High res photo download (color)


“Fans of Tana French, Kimberly Belle, and Orange is the New Black will fall under this book's spell. . . Terse and tense, Little Threats investigates righteous anger, teenage angst, and the enormity of setting the record straight.” BOOKLIST

"A taut psychological thriller...Schultz knows how to keep the reader engrossed." PUBLISHERS WEEKLY

"Brilliantly structured and gorgeously written, Little Threats is a captivating mystery about a young woman accused of a brutal murder--one she isn't sure she's committed. It's a story of love and loss, the power of guilt and the savagely delicate fabric of family," —Kimberly McCreight, New York Times bestselling author of Reconstructing Amelia and A Good Marriage    

"Emily Schultz unfolds her story with masterful precision and restraint, delivering a novel that is pure emotional dynamite.” – Wendy Walker, bestselling author of The Night Before

"A pulsating mystery, where small details enlighten and illuminate." — Lori Lansens, author of The Girls, and This Little Light

“Emily Schultz’s Little Threats is a complex, powerful, emotionally wrenching thriller with a deceptively simple premise: what if you agreed to serve 15 years in prison for a murder you have no memory of committing? Intense, twisty, and compelling—once you begin reading, you won’t be able to stop!” 

– Karen Dionne, author of the #1 internationally bestselling The Marsh King's Daughter


“At its heart, Little Threats is a devastating and elegiac novel about teenage friendships, sexuality, drug use, and ultimately betrayal. Emily Schultz is unflinching in revealing the way prison isn't merely a place, but a feeling that can haunt a girl who grew into a woman behind bars. Freedom isn't absolution, and the answers are as painful as the questions in this heart-stopping, powerful story.”
– Bryn Greenwood, the author of The Reckless Oath We Made and All the Ugly and Wonderful Things

Little Threats hooked me from the first line. A gripping, haunting story about family, memory, and most of all, grief—this book is difficult to put down, and more difficult to stop thinking about.”  

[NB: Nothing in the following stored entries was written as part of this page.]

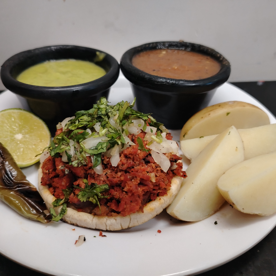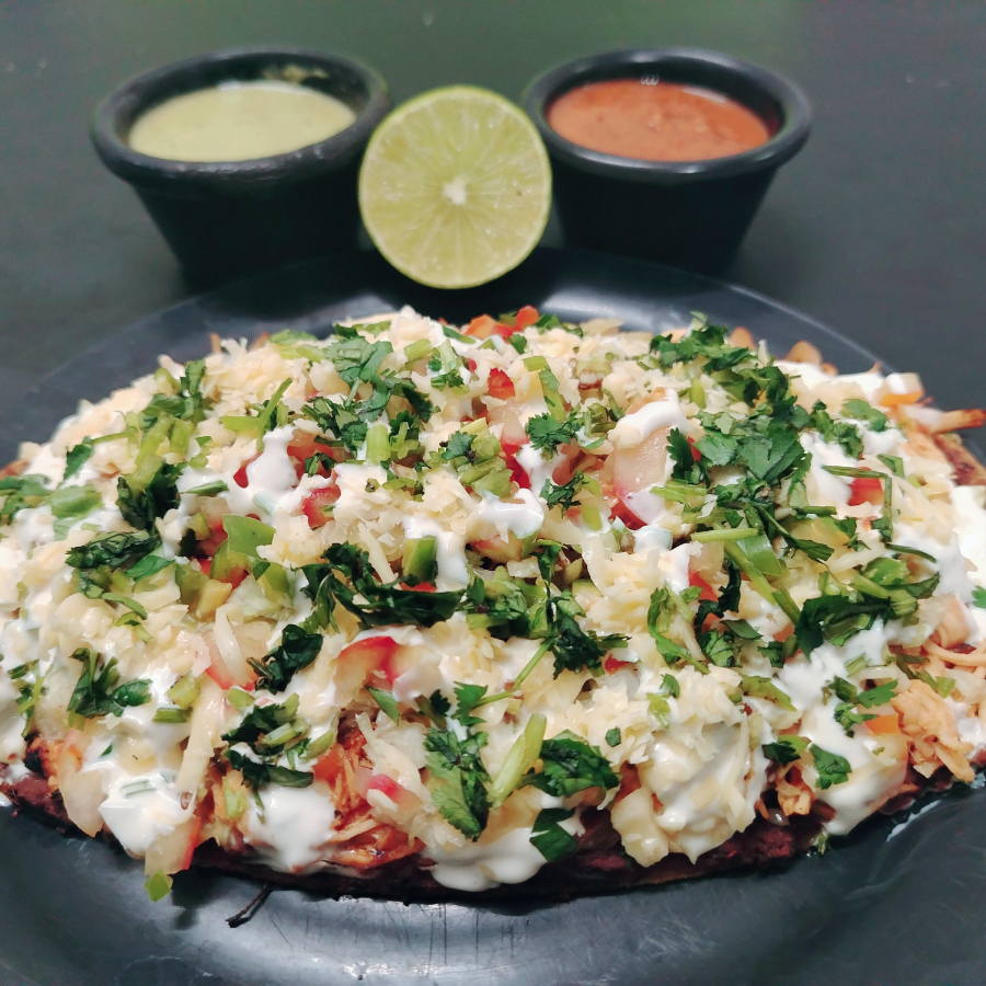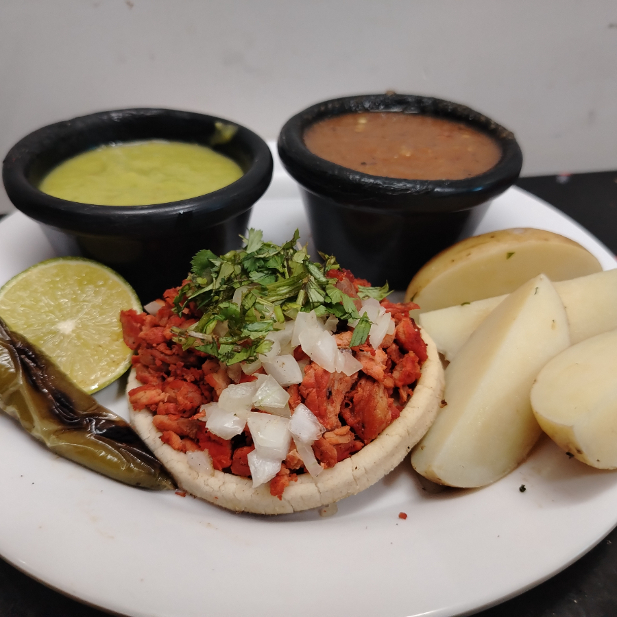 Elaborado con frijol refrito, carne al pastor, cebolla, cilantro, queso rayado fundido y se acompaña con papas cambray, chile serrano, crema xcatic, salsa Ranchera, guacamole y limón.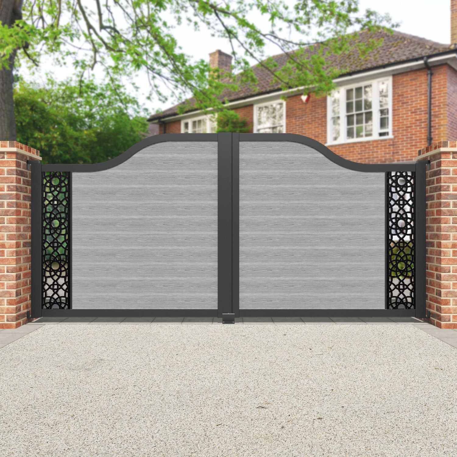 Classic Ambar Curved Top Driveway Gate Light Grey - End Screen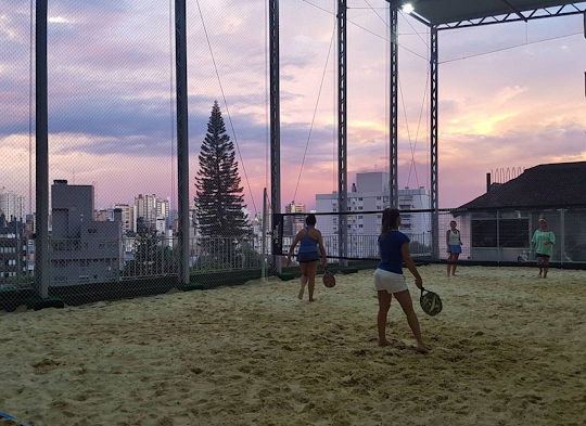 Experiência fantástica: Academia Top e inovadora, a 1° a ter uma quadra de BEACH TENNIS, FUTVOLEI E BEACH VOLLEY coberta com teto retrátil.

– Rob Hart, author of The Warehouse

"Emily Schultz's Little Threats is an exquisitely written and thrilling novel about growing up and breaking apart, about the past refusing to loosen its grip on us, and about the impossibility of going back and righting the wrongs that send us spiraling out of control. And, of course, it's a whale of a whodunnit. This is a riveting and powerful novel about friendship and fate, youth and time, and the toll these things take on all of us. Don't miss it!"

--David Bell, USA Today bestselling author of The Request


The Blondes is scary and deeply, bitingly funny — a satire about gender that kept me reading until 4 in the morning — and a fine addition to the all-too-small genre of feminist horror.” NPR (Also a Great Reads 2015 selection)

The Blondes is intelligent, mesmerizing, and fearless. An entirely original and beautifully twisted satire with a heart of darkness.” Emily St. John Mandel, author of Station Eleven

“A nail-biter that is equal parts suspense, science fiction, and a funny, dark sendup of the stranglehold of gender.” Kirkus Reviews , Best Books of 2015

“Funny, horrific, and frighteningly realistic, Schultz’s second novel is a must read.” The Library Journal (starred)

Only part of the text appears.